I was up alone, (everyone else in the house having gone to bed), when I heard an almightly cat fight in the hallway. As soon as I opened the living room door, it all went quiet, and I saw Kits tail dissapearing up the stairs. I followed and found him halfway up the stairs. No sign of any of the other two cats. Bemused I came back down stairs. 

As soon as I reached the bottom of the stairs, Razor pounced on me from behind (she had been hiding down the side of the stairs). As I swung around she leapt away again but remained about 3 feet away, snarling with the forocity of a tiger caught in a trap. I then turned away to turn on the light, but as soon as I turned my back she was on me again. Although I was highly tempted to just grab hold of her and throw her against the wall, I just shook her off and shouted "behave" at her, but she kept coming back at me.

Eventually she just flew up the stairs out of sight. I then retired to the living room, but meanwhile, as she reached the top of the stairs, she then went into my daughters room and savagely attacked her (while she was asleep). As my daughter awoke, razor then ran out of the bedroom. 

This morning, as my daughter awoke, she could hear razor growling, but couldn't see her. As she stepped out of bed, Razor shot out from beneeth the bed, attacked her, then retreated under the bed. My daughter then came downstairs and decided to leave razor to calm down. About an hour later, she went back up stairs to check on Razor but, as soon as she entered the bedroom, Razor flew out from under the bed and attacked her once again. My daughter came back downstairs in tears.

About an hour later, Razor just suddenly flew into the living room and straight out of the open window (the normal access point for all the cats). Aggie was unlucky enough to be sitting in the garden directly outside the window. As Razor landed she immediately turned and attacked Aggie. I then reached through the window and lifted Aggie back inside.
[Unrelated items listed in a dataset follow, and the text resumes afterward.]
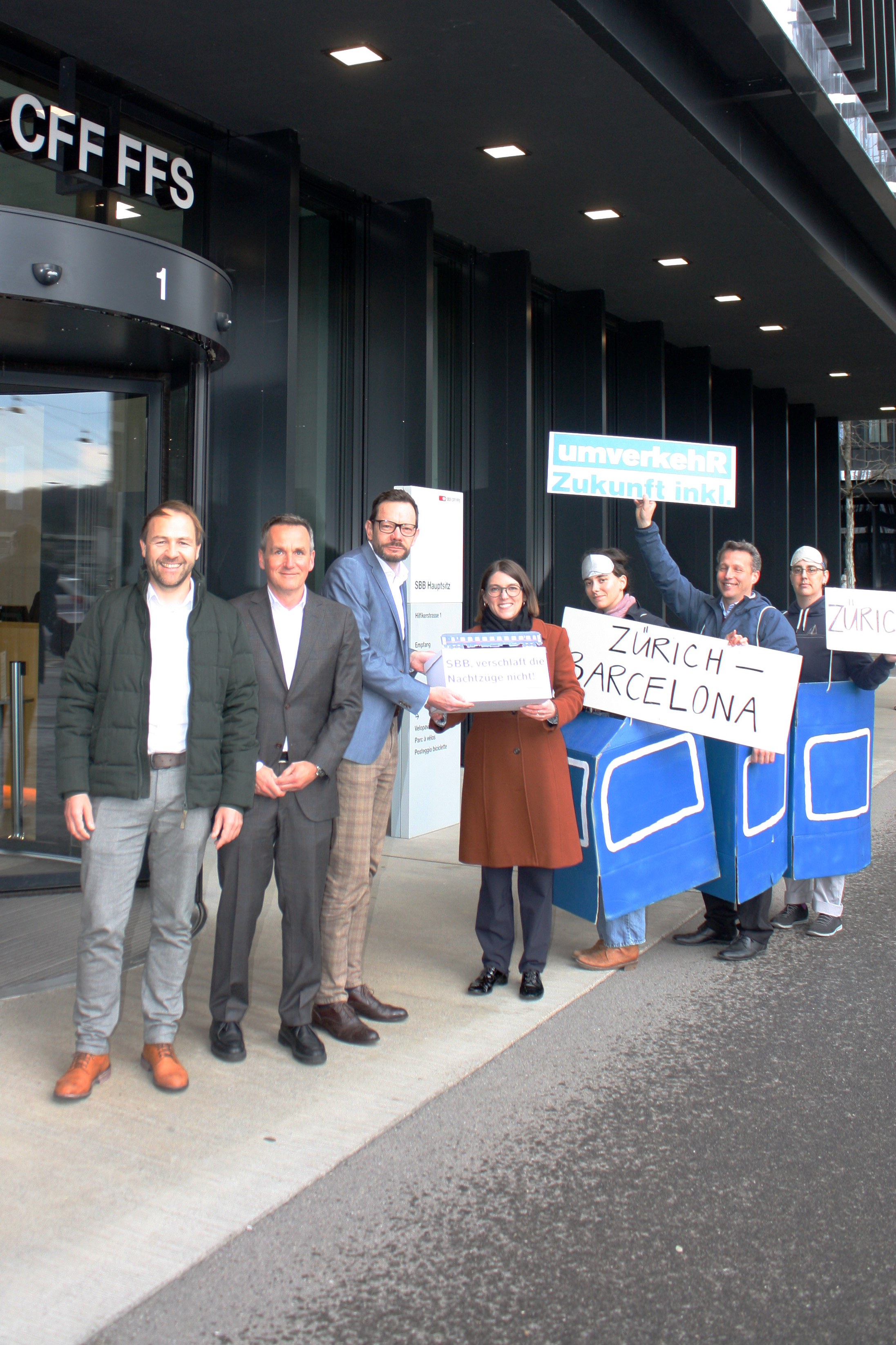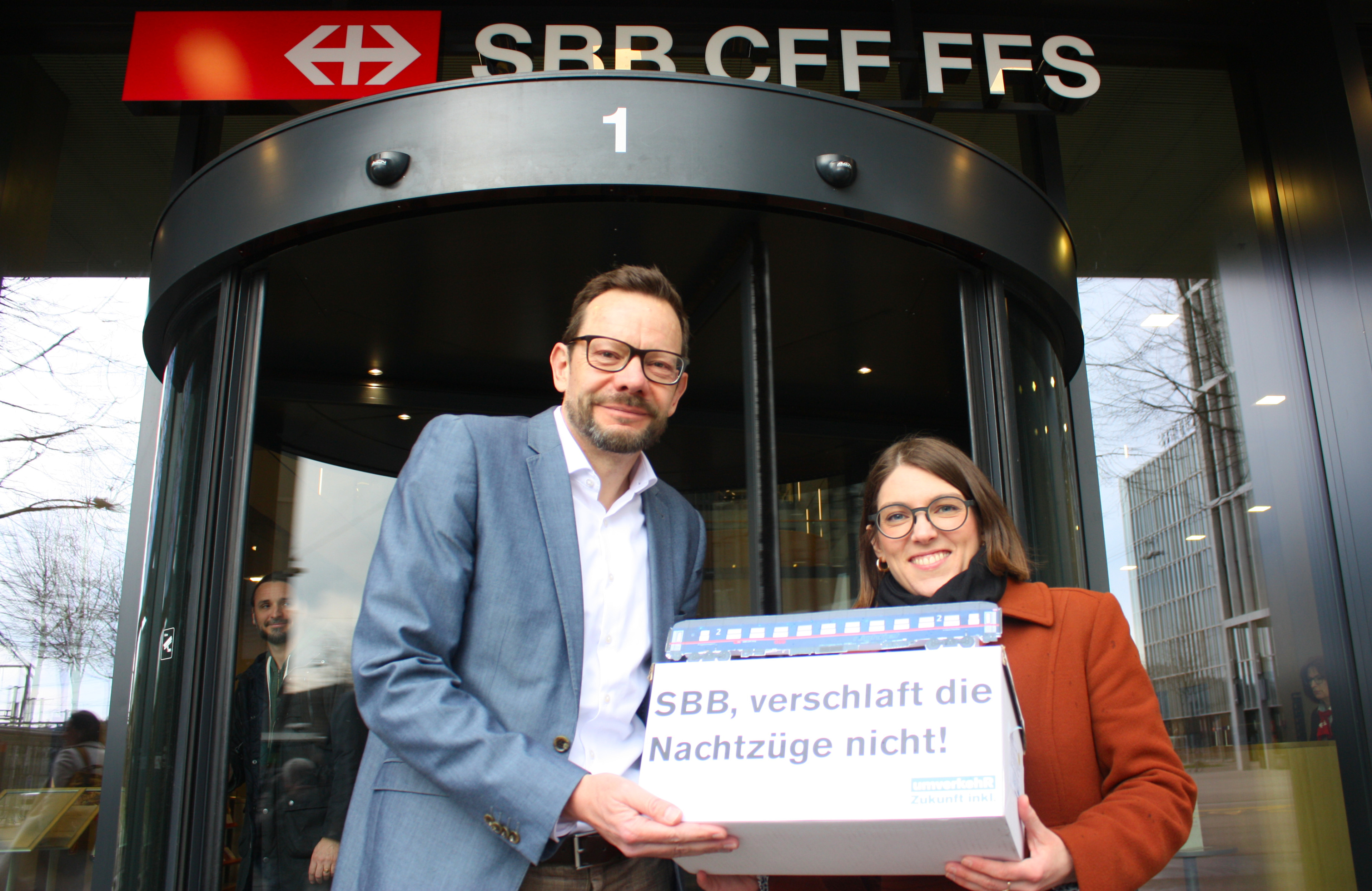 umverkehR hat den SBB einen offenen Brief für die Umsetzung der Nachtzuglinien nach Barcelona und Rom übergeben und diese Forderung im persönlichen Gespräch bekräftigt. Der Ausbau der Nachtzüge hängt nicht zuletzt vom verfügbaren Rollmaterial ab. Die SBB sollen darum jetzt Rollmaterial bestellen. Zudem braucht es aus der Politik ein Bekenntnis zur stabilen und längerfristigen Unterstützung. Die SBB hatten anfangs März bekannt gegeben, die seit 2020 angekündigten Nachtzugverbindungen aufzugeben.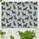 Cute Rottweiler dogs sit and stand with black and tan coats with scattered dog bones and pawprints pattern.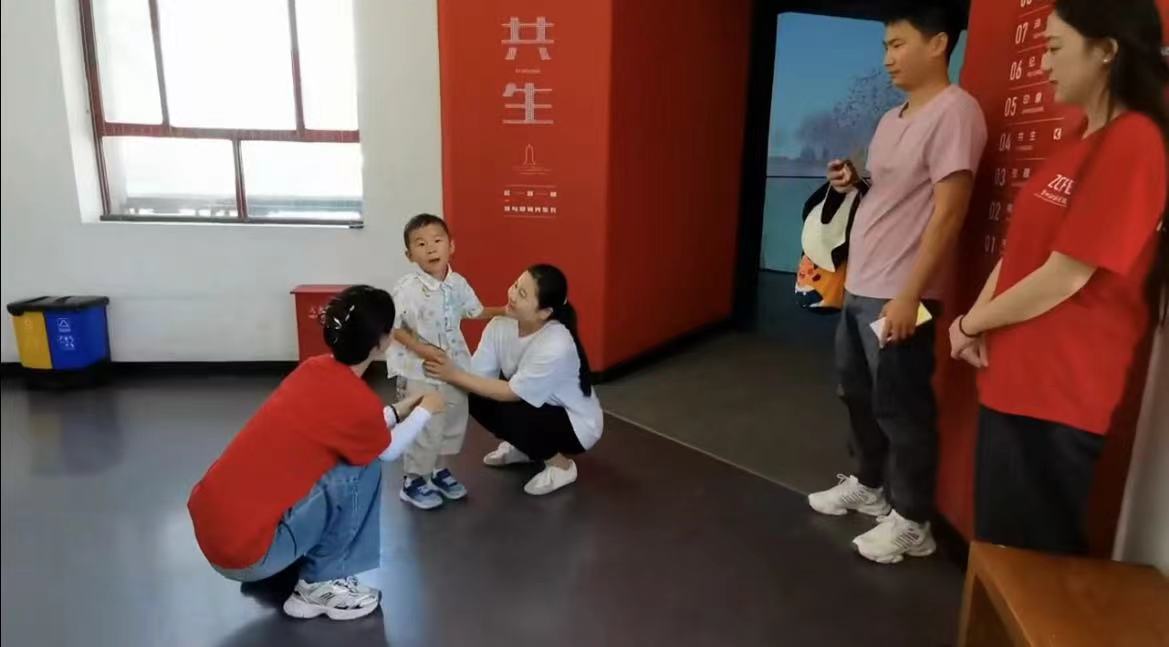 这是今年暑期beat365“种果青年”中国精神宣讲团成员在二七纪念塔场馆内宣讲革命英雄伍若兰故事的现场。“当小朋友唱起国歌的那一刻,我不由地热泪盈眶。”宣讲团成员韩家赢同学动情地回忆到,“那一瞬间,我深深体会到这份宣讲工作的意义,那就是用一颗心唤醒另一颗心,让伟大的中国精神永垂不朽!”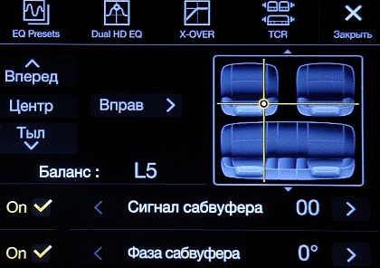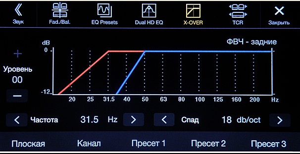 настройка кроссовера, предустановленного и пользовательского эквалайзера,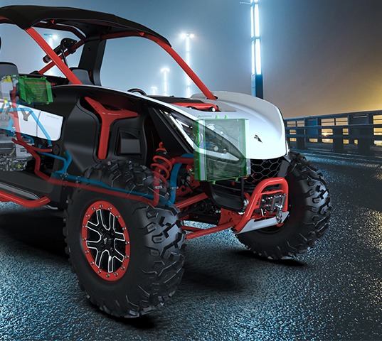Water and oil heat exchanger cooling system improves the reliability of power output under tough off-road conditions.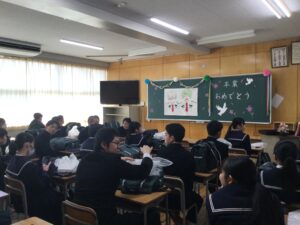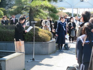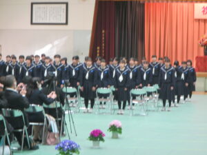 また、式では、在校生による合唱、そして卒業生による「旅立ちに日」の合唱が体育館いっぱいに響き渡り、在校生、卒業生の互いの思いが伝わる感動的なひとときとなりました。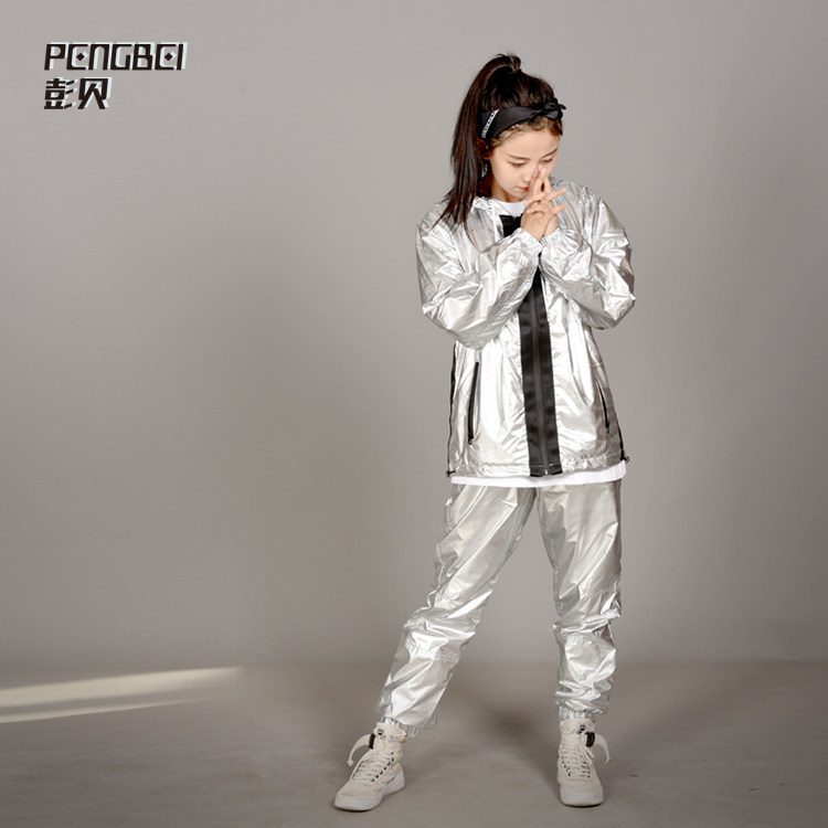 Bright Face Silver Sports Suit Bboy Hip Hop Casual Lovers Dress Class Street Dance dance Team Custom 529

As I did so, Razor wouldn't let go of Aggie and continued to claw at me as well.

As she attempted to come back in through the window, I held her off and managed to get the window closed with her still outside. For the next couple of hours she then sat in the garden staring at the window. Anytime anyone inside went over to the window to look out, she would pounce at the window, growling and scratching at it.

Finally she came to the window meowing in a plaintive sounding tone. I then thought that she had learned her lesson so decided to let her back in. Edging the window up a few inches she jumped up onto the window ledge. Since she was now looking quite calm I slid the window up another couple of inches, she then shot in through the window taking a firm hold of my arm, biting and scratching for all she's worth. As I shook my arm to disslodge her she then flew accross the room and leapt onto my wifes face, (causing some pretty nasty wounds). As the wife pushed her off, she then leapt onto my daughter and started biting her around the throat. As my wife was about to run out of the room, Razor then jumped off of my daughter over to the open doorway, turned and faced the wife, and stood in the doorway threatening to attack anyone that dared leave the room.

My patience finally snapped. A ran straight at her, fully expecting her to flea down the hallway, instead she pounced and managed clamp herself onto my face, biting pretty savagely. As I pulled her free, I threw her clear across the room. Naturally being a cat, she landed square on her feet turned straight around and rushed me again. This time as she leapt at me, I managed to catch her in mid air and flung her back, turning straight at me yet again, I caught her once more and threw her back. (Please bear in mind each time she had a clear passage to the open window and open doorway, I was the one with my back to the wall). At last I threw her out of the window (this is not as bad as it sounds, the window ledge is only about a foot from the floor, and there is grass outside). I then closed the window.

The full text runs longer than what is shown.